**What is expected**
In the material below, find the line containing "12 月 7 日,据官方公告,OKX" and the line containing "당진시 석문면 교로2리 해수욕장 마을번영회, 이웃돕기 성금 1백만 원 전달", then reproduce exactly both of them and every line between, and nothing else.

___ Data for this task

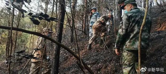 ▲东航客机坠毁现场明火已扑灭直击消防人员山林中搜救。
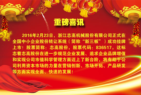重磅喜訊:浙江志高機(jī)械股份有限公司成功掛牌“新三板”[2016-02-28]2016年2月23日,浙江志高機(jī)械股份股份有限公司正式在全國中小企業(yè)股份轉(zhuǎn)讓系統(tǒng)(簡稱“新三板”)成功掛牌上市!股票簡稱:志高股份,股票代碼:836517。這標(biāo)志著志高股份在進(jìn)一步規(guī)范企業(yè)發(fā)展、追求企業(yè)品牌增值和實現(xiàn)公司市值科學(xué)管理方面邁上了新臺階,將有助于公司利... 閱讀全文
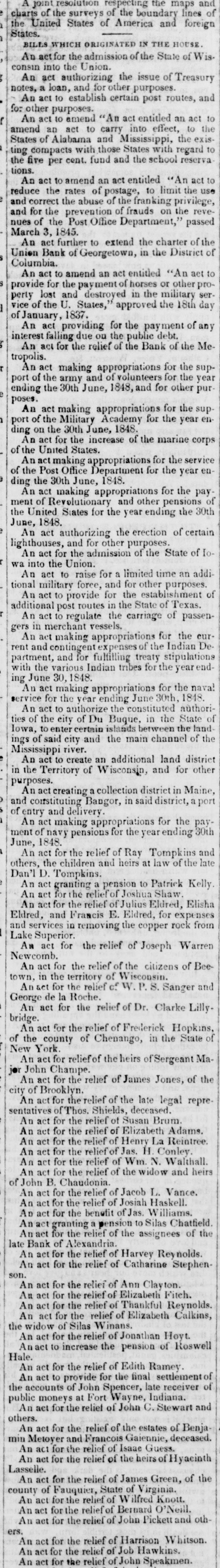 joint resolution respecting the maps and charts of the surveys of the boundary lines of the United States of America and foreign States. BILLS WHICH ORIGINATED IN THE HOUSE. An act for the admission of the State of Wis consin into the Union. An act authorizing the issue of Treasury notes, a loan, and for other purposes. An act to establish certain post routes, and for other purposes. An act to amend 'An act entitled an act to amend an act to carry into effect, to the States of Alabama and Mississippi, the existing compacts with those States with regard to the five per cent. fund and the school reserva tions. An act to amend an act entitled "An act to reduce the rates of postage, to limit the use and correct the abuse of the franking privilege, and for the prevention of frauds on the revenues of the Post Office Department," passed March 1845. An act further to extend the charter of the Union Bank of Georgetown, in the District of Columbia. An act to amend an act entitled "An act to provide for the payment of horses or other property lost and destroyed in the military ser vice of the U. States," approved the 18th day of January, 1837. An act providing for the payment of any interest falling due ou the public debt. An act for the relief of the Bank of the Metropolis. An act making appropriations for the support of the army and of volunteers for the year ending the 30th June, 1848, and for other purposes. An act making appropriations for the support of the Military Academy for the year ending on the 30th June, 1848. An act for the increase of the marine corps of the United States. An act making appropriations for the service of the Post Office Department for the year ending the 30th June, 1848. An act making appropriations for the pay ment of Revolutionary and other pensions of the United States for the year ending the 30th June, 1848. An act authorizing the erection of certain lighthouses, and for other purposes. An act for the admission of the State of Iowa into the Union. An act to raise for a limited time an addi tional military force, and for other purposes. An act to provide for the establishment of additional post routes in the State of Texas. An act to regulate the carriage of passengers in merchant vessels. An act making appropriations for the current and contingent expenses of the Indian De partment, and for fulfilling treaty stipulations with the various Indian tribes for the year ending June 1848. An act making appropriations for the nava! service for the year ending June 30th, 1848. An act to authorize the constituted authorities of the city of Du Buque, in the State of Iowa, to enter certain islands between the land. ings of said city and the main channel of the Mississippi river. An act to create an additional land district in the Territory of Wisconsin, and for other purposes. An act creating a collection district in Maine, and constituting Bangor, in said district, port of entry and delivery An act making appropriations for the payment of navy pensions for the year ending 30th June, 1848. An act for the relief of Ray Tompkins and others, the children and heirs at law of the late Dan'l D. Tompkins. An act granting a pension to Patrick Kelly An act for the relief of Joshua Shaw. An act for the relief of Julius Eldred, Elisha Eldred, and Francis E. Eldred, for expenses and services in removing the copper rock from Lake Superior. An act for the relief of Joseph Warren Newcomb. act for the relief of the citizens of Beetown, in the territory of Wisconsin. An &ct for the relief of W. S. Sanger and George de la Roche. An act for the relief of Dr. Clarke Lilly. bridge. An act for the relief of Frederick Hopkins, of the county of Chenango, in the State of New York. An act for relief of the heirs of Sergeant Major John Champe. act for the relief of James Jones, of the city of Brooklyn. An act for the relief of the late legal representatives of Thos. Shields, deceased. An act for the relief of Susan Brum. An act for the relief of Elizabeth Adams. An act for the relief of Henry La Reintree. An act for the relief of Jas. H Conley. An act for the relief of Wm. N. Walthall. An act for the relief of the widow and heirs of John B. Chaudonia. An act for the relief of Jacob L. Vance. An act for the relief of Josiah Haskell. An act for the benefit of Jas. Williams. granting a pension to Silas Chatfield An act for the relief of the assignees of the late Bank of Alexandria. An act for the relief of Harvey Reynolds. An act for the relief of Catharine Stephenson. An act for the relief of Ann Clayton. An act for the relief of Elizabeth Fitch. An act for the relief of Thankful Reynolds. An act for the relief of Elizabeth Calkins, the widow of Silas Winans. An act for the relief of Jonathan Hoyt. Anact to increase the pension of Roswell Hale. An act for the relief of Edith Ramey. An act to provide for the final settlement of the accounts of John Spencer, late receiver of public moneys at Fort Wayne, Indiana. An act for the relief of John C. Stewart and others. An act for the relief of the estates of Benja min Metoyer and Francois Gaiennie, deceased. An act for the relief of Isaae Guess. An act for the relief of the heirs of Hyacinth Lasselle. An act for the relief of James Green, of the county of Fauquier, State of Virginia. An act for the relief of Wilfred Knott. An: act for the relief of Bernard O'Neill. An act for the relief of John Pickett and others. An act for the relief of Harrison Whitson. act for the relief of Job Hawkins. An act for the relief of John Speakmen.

______
___ Data for this task

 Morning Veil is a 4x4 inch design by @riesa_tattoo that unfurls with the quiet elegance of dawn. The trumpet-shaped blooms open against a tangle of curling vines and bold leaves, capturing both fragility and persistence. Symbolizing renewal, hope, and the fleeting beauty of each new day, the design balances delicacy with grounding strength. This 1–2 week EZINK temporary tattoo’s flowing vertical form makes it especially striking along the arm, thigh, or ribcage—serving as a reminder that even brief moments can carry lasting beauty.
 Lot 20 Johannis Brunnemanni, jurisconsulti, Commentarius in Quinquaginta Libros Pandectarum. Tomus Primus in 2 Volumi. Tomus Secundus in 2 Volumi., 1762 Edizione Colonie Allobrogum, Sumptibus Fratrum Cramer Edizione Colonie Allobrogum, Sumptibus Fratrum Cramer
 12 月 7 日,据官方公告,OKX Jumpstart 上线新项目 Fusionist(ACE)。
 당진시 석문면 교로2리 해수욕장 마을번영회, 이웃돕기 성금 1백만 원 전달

______

**Response to this exercise**
 12 月 7 日,据官方公告,OKX Jumpstart 上线新项目 Fusionist(ACE)。
 당진시 석문면 교로2리 해수욕장 마을번영회, 이웃돕기 성금 1백만 원 전달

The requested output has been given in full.